■ WORK REQUEST ■
Given the records underneath, please repeat exactly the lines from the line with "mot hysteriska politiker)" through the line with "Riadenie je zabezpečené", passing over any picture.

■ INFORMATION GIVEN ■
________________
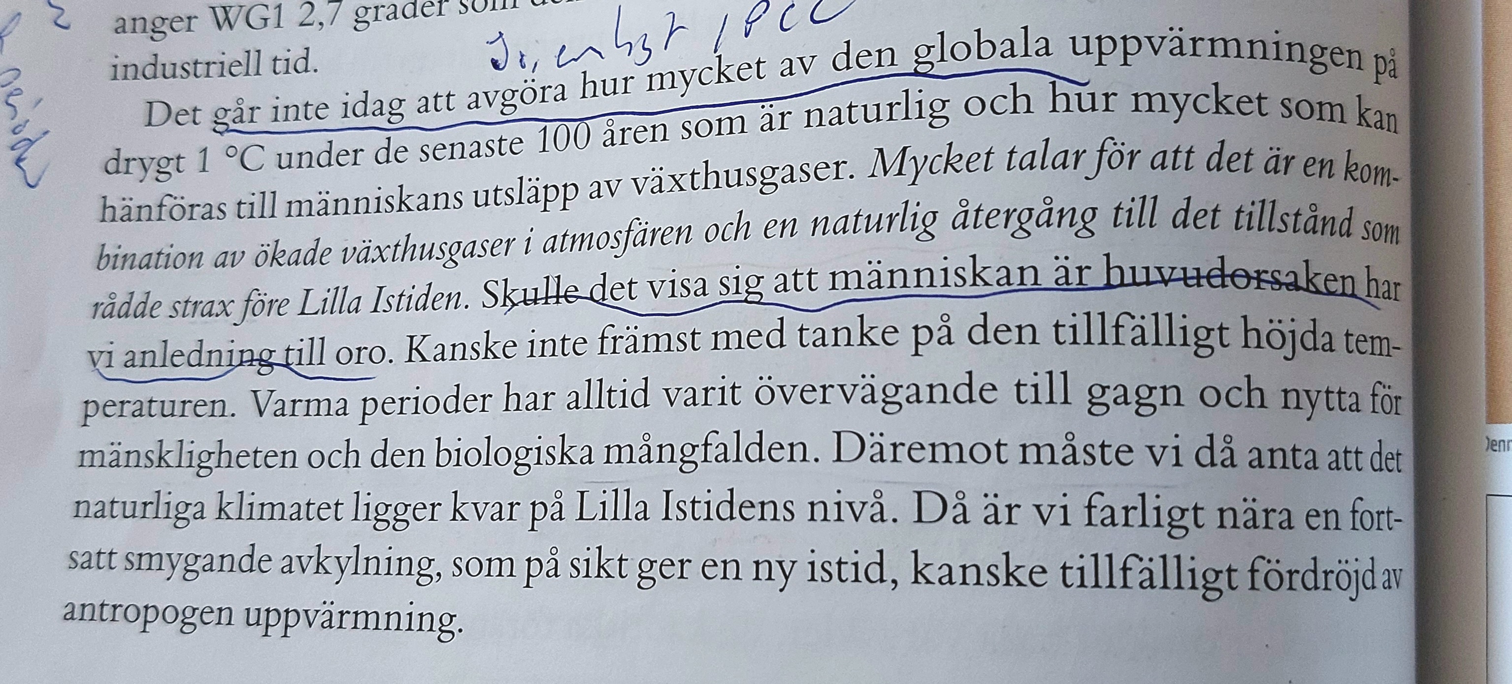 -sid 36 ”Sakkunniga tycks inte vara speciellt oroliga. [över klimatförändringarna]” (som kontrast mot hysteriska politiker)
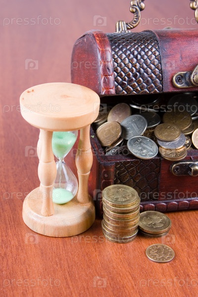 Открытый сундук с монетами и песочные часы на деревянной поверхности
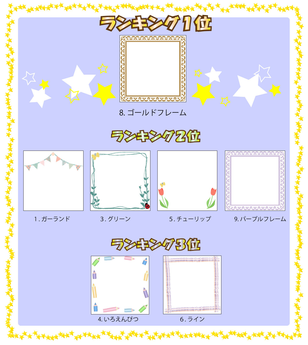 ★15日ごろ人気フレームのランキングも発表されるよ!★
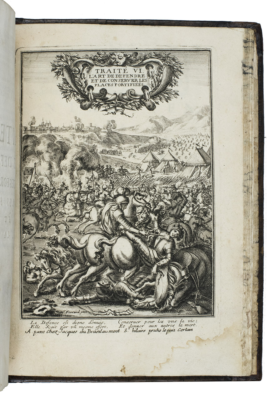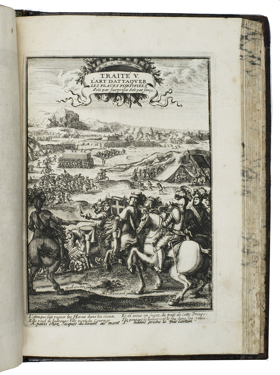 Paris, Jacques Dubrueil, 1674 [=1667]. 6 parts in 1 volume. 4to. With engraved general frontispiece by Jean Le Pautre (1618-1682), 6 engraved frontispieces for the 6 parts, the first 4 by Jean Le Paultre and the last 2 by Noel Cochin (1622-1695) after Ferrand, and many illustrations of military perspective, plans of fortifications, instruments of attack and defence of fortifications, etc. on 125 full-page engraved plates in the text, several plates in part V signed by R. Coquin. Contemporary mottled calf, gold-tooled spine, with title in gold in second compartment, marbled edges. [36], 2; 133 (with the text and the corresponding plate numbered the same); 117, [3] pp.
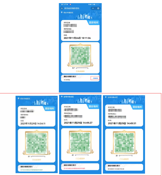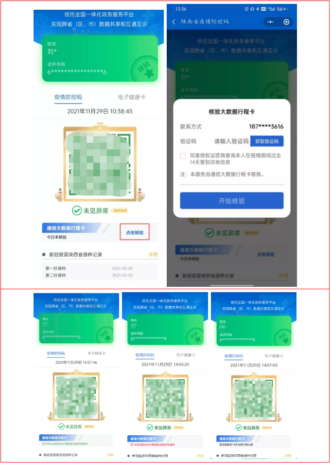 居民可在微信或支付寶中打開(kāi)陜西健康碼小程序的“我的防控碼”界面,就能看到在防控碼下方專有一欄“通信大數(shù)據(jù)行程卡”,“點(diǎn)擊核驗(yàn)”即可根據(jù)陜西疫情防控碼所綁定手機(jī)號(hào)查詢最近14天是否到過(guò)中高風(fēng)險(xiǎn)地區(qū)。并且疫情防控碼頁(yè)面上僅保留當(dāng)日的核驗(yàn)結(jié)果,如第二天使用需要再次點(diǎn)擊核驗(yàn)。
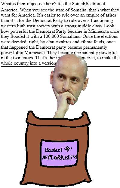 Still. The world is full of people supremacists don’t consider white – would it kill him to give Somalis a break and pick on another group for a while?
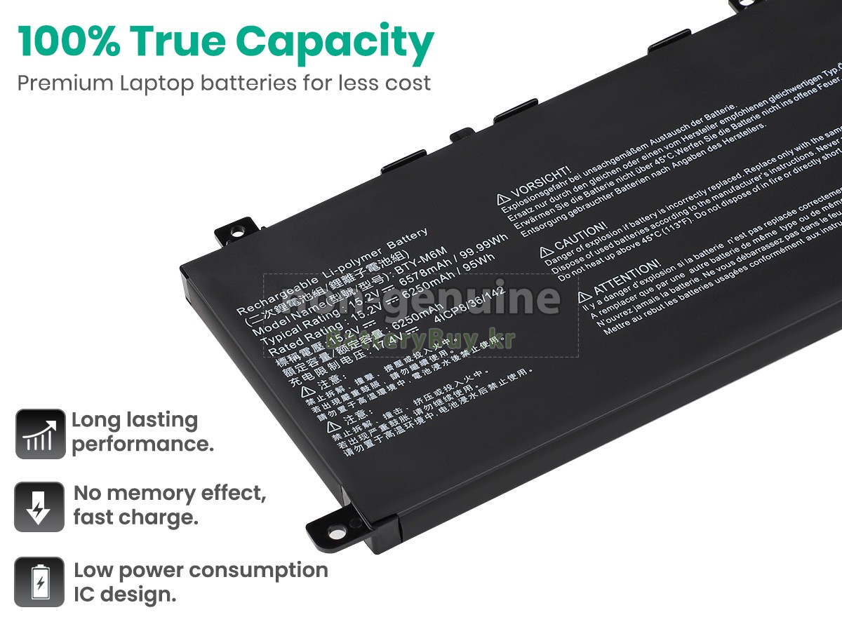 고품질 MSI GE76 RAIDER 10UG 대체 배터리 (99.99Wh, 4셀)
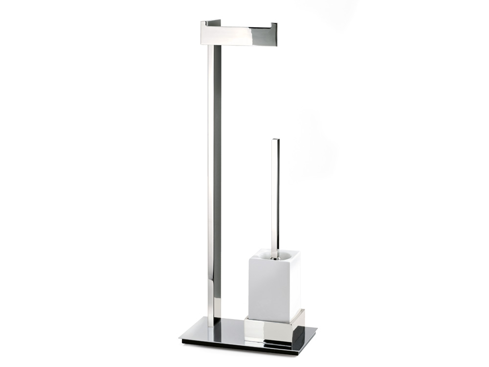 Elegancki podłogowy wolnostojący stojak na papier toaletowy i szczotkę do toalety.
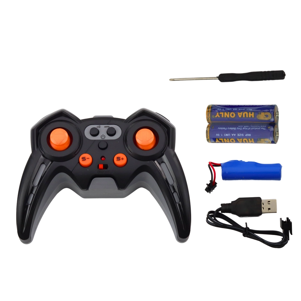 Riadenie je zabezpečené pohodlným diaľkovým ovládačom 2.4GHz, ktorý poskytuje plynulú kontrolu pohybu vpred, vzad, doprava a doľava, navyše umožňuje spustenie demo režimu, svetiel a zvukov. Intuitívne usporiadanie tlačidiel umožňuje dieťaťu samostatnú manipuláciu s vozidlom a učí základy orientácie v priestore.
________________
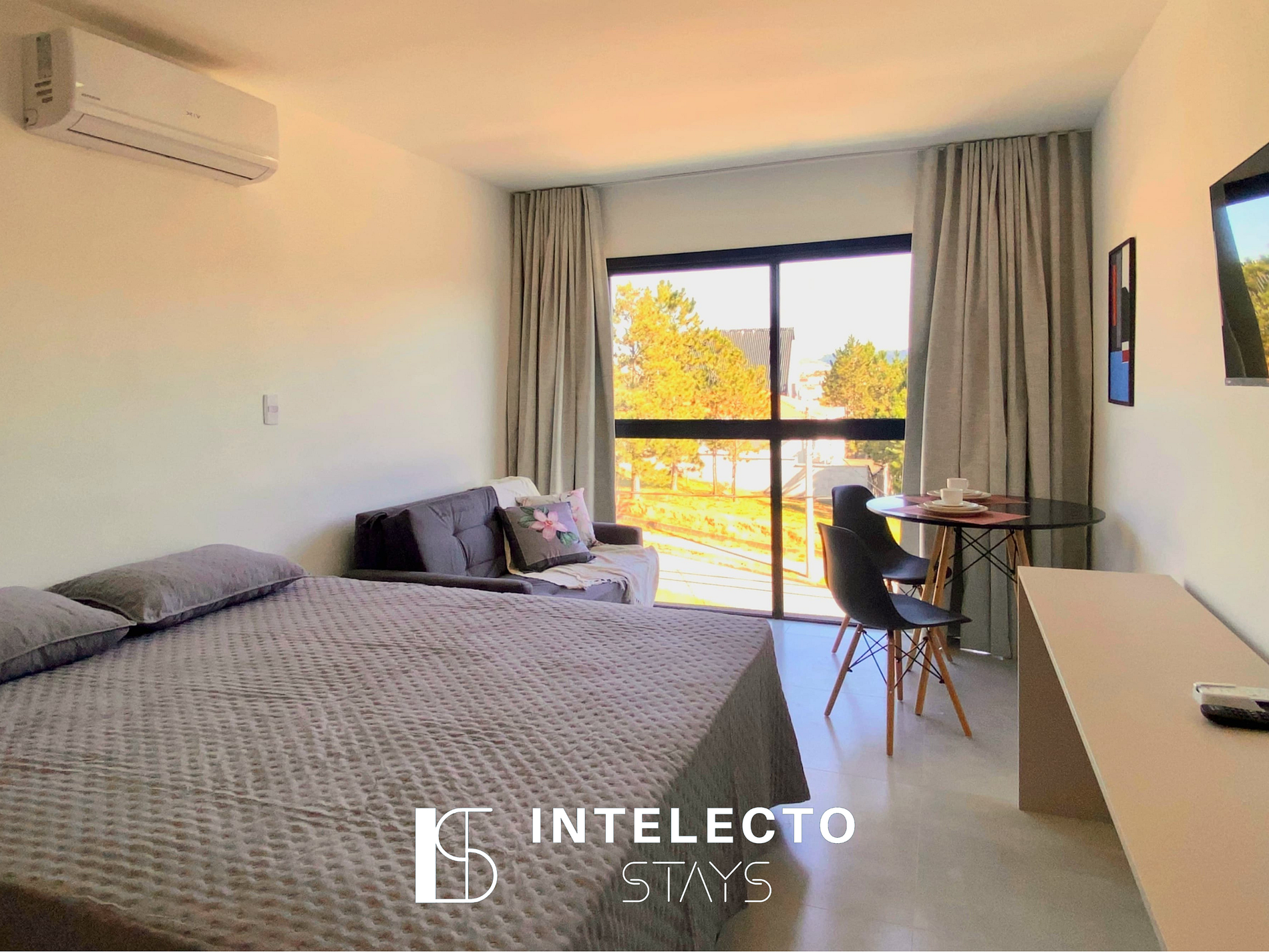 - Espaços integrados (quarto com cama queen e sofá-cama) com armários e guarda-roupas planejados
________________
■ RESPONSE TO THIS TASK ■
 -sid 36 ”Sakkunniga tycks inte vara speciellt oroliga. [över klimatförändringarna]” (som kontrast mot hysteriska politiker)
 Открытый сундук с монетами и песочные часы на деревянной поверхности
 ★15日ごろ人気フレームのランキングも発表されるよ!★
 Paris, Jacques Dubrueil, 1674 [=1667]. 6 parts in 1 volume. 4to. With engraved general frontispiece by Jean Le Pautre (1618-1682), 6 engraved frontispieces for the 6 parts, the first 4 by Jean Le Paultre and the last 2 by Noel Cochin (1622-1695) after Ferrand, and many illustrations of military perspective, plans of fortifications, instruments of attack and defence of fortifications, etc. on 125 full-page engraved plates in the text, several plates in part V signed by R. Coquin. Contemporary mottled calf, gold-tooled spine, with title in gold in second compartment, marbled edges. [36], 2; 133 (with the text and the corresponding plate numbered the same); 117, [3] pp.
 居民可在微信或支付寶中打開(kāi)陜西健康碼小程序的“我的防控碼”界面,就能看到在防控碼下方專有一欄“通信大數(shù)據(jù)行程卡”,“點(diǎn)擊核驗(yàn)”即可根據(jù)陜西疫情防控碼所綁定手機(jī)號(hào)查詢最近14天是否到過(guò)中高風(fēng)險(xiǎn)地區(qū)。并且疫情防控碼頁(yè)面上僅保留當(dāng)日的核驗(yàn)結(jié)果,如第二天使用需要再次點(diǎn)擊核驗(yàn)。
 Still. The world is full of people supremacists don’t consider white – would it kill him to give Somalis a break and pick on another group for a while?
 고품질 MSI GE76 RAIDER 10UG 대체 배터리 (99.99Wh, 4셀)
 Elegancki podłogowy wolnostojący stojak na papier toaletowy i szczotkę do toalety.
 Riadenie je zabezpečené pohodlným diaľkovým ovládačom 2.4GHz, ktorý poskytuje plynulú kontrolu pohybu vpred, vzad, doprava a doľava, navyše umožňuje spustenie demo režimu, svetiel a zvukov. Intuitívne usporiadanie tlačidiel umožňuje dieťaťu samostatnú manipuláciu s vozidlom a učí základy orientácie v priestore.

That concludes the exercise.